He said state lawmakers could increase severance taxes or reduce the tax credits. If lawmakers don't act, others are willing to put a measure on the ballot to collect more money from Colorado's booming energy economy.He seems to believe that the legislature has the power to change tax policy and tax rates without going to the people. It doesn't.
Instead of asking the legislature to send a referendum to the people on the subject, he sought to try to force legislators to act unconstitutionally with the following statement:
"If we decide to do nothing at all, there are going to be people out there that I think will push the agenda anyway. The question becomes where you dedicate the money, and that's also a very lively conversation. We have very significant needs around higher education funding, and we have significant needs around transportation funding, and those certainly are on the list. There are people who think we should pursue a health care agenda with severance taxes, others who say we should pursue a K-12 agenda, some who say it should be about open space and another crowd that says it should be about renewable energy,"

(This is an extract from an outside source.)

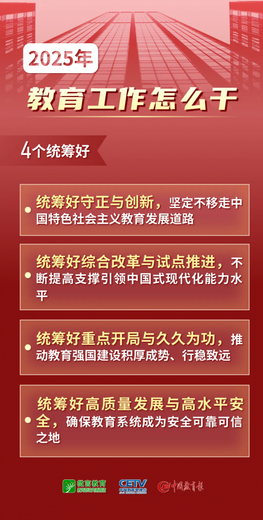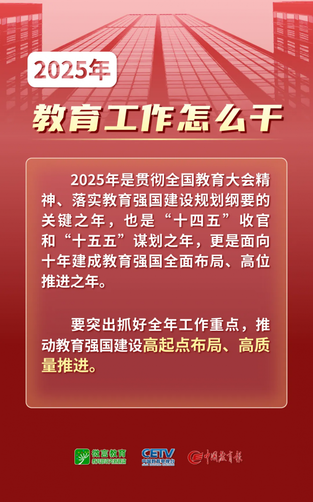 1月9日—10日,2025年全国教育工作会议在北京举行。会议以习近平新时代中国特色社会主义思想为指导,全面贯彻落实党的二十大和二十届二中、三中全会精神,深入学习贯彻全国教育大会精神和习近平总书记关于教育的重要论述,总结工作、分析形势,统一思想、凝聚共识,围绕组织实施教育强国建设规划纲要,安排布置年度重点任务,确保教育强国建设高起点布局、高质量推进。会上说了啥,组图为你划重点——

Bill Ritter is a lawyer with a lawyer's contempt for the law.
CBS4Denver has more.
Added: We may have been victimized by poor reporting by CBS4Denver. The Durango Herald has a different take:
Gov. Bill Ritter and legislative leaders will decide by next month whether to ask voters to raise taxes on the gas and oil industry.
If there is a lesson here, it is that Bill Ritter has destroyed his credibility about his willingness to follow the Constitution with the property tax "freeze." We and others are willing to believe the worst about him when it comes to taxes.